After accounting for age (F = 14.33, P < 0.0002) and eGFR (F = 20.87, P < 0.0001), carriers of at least one APOE ε4 allele exhibited 57% higher plasma p‐tau217 levels compared to non‐carriers (F = 55.05, P < 0.0001; Figure 1A). Using a Dunn post hoc test, we found that p‐tau217 levels were significantly lower in ε2/ε3 carriers compared to ε4/ε4 carriers (p = 0.0003). Levels were lower in ε3/ε3 versus ε4/ε4 carriers (p = 0.0055) and ε3/ε4 carriers (p = 0.0055). However, no significant difference was observed between ε3/ε4 and ε4/ε4 carriers (p = 0.925), confirming the elevated p‐tau217 levels in even single ε4 allele carriers. Males exhibited significantly higher levels of plasma p‐tau217 than females (F = 16.77, p < 0.0001; Figure 1B) with either ε4 absent or present.
FIGURE 1.

Plasma p‐tau217 levels measured in rrAD participants as a function of APOE genotype and sex. A, p‐tau217 levels, based upon APOE allele number, show increases from ε2/ε3 to ε4/ε4. B, The mean p‐tau217 levels are elevated in males versus females regardless of whether they carry APOE ε4 versus no APOE ε4. C, Aggregated data shown in (A) but divided by the 0.3pg/ml p‐tau217 cut‐off value for potential Aβ+ (left side) and Aβ– (right side) individuals. Each dot represents an rrAD subject at baseline. Aβ, amyloid beta; APOE, apolipoprotein E; p‐tau, phosphorylated tau; rrAD, Risk Reduction for Alzheimer's Disease trial.
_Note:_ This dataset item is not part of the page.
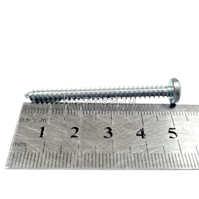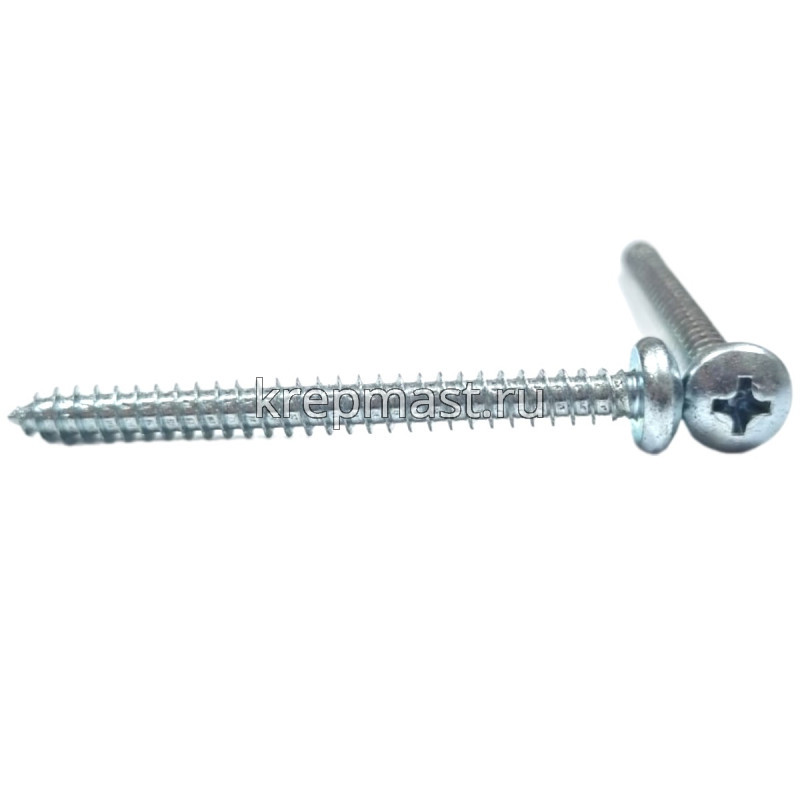 Саморез по металлу с полусферической головкой и острым концом DIN 7981 4.8 x 50 применяется для крепления стальных и других листовых материалов (дерево, фанера) к металлическим и деревянным несущим конструкциям.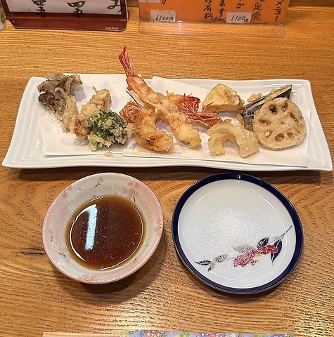 見た目はしっかり揚げ物なのに、驚くほどさっぱりと味わえる自慢の天ぷらセット。油切れの良さが絶妙で、食後も軽やかに楽しめる一品です。薄めの衣はサクッと心地よく、中はほっくり甘い素材の旨みが広がります。天つゆの香りと合わさることで後味も爽やか。気付けばお皿が空になってしまう満足度の高い天ぷらをぜひ。

Using a cutoff of p‐tau217 > 0.3 pg/mL (150/353; 42.5%), participants were classified as Aβ+. APOE ε4 carriers were significantly more likely to be Aβ+ than non‐carriers (63.6% vs. 32.9%; χ2[1] = 29.233, p < 0.0001; Figure 1C). Repeating the primary ANCOVA and binary generalized linear models within Aβ− and Aβ+ subgroups produced consistent results with the pooled analyses: APOE ε4 carrier status was associated with higher p‐tau217 (continuous and binary models), but there was no longer an APOE ε4 × sex interaction (see Table S5 in supporting information).
4. DISCUSSION
We found that the AD blood biomarker p‐tau217 was positively correlated with age in our cohort of cognitively normal subjects with cardiovascular risk factors, and APOE ε4 carrier status exhibited 57% higher plasma levels of p‐tau217 than non‐carriers. To our knowledge, no prior work has established a mechanistic link between tau phosphorylation sites and ε4 expression, but the presence of this gene, along with an age of > 60 years, places these individuals within the prodromal stage of AD. 13 This is particularly relevant given that two copies of the APOE ε4 allele have been reported to confer a risk for incident AD equivalent to an additional 10 years of aging after age 50. 14 , 15
It was recently reported that a plasma p‐tau217 level of 0.29pg/mL was characteristic of mild cognitive impairment (MCI) patients, and a level of 0.72pg/mL was observed in AD patients. 15 Our cohort had a general p‐tau217 level of 0.35pg/mL, but APOE ε4 carriers exhibited 0.47 pg/mL. These data indicate that APOE genotype is important in defining cutoffs for disease staging, as is sex, where we found males to have significantly higher p‐tau217 levels than females. Higher p‐tau217 levels in males may reflect sex‐specific vulnerability to tau phosphorylation, differences in microglial activation, or structural reserve, 2 but further mechanistic studies are warranted. Currently, it is suggested that APOE genotyping be part of routine clinical workup for people with memory impairment 2 , 14 , 16 not only because of the risk factor for AD, but for an important side effect of amyloid antibody therapy—that is, amyloid‐related imaging abnormalities—which is related to mini‐strokes and microbleeds in ε4 carriers. 17 Identification of a substantial Aβ+ subgroup within our cognitively normal cohort aligns with estimates for preclinical AD prevalence in the seventh decade of life. The stronger APOE ε4 associations observed within the Aβ+ subgroup support the interpretation that elevated p‐tau217 is, in part, driven by early amyloid‐associated tau pathology.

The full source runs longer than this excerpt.